That's right, since we are too lazy or antisocial to actually contact our beloved friends and family individually this is a good way to get some news out. Keep watching these riveting pages for more Atherton news.

This week saw a rare occurrence; we changed our minds about something. Despite renting for three years and having no intention to buy a house over here in Victoria, we have, um, decided to buy a house. Well, who could possibly ignore 5 (say it with me....F-I-V-E) bedrooms (PLUS a study) for a reasonable price. I say reasonable, but of course I mean it will send us broke enough to only buy junk food every fortnight instead of every week. And who can be expected to live in a tiny rented dogbox with three (say it with me T-H-R-E-E) children who are hell bent on seeing that we NEVER get our security bond back. Honestly, I do not understand why landlords favour families with kids. Angry feral people with bobcats and pyromaniacs do less damage to houses than three children. I
would rather rent my investment property to a family of motorcycle stuntmen than to people with children or anyone under the age of...my age.

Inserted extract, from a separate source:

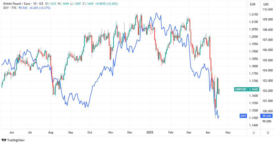 Above: GBP/EUR at daily intervals with ICE US Dollar Index. Click for closer inspection.

Where was I? Oh yeah...watch this space!! I'm off to force Sharon to watch another episode of The Super Nanny. Bye for now!

The Germans are Coming...
I mentioned it once but I think I got away with it...
Flashback to August 2003

Of all the nice pleasant things to happen to me, this is probably one of the strangest. I never tire of telling this story. Which is just a conceited way of ignoring the fact that countless friends and rellies got utterly fed up with me re-telling it ages ago. Well bugger the lot of you. I'm going to write it down on my blog.

It all started on a fateful night following a long, exhausting trade expo. You know those trade expos where you display lots of floor sanding machines and stinky floor coatings and talk to tradespeople about grain raise, rejection and buffing. In that order. You know, that kind of thing. Following these trade shows is usually an exercise in corporate schmoozing where different suppliers try and out-do eachother by spending oodles of money on entertaining their customers. "I took my customers out on a yacht and got them drunk". "Really!? Well I took my customers bungee jumping...and got them drunk"..."Well that's nothing, we shouted our customers a weekend in detox. And got them drunk"...and so on and so forth.


A trade expo, not unlike the one I am carrying on about, pictured here relaxing with friends.

In our case, we got a corporate box at the MCG for an inconsequential game of football (i.e. Carlton v Hawthorn) which included getting drunk. Naturally.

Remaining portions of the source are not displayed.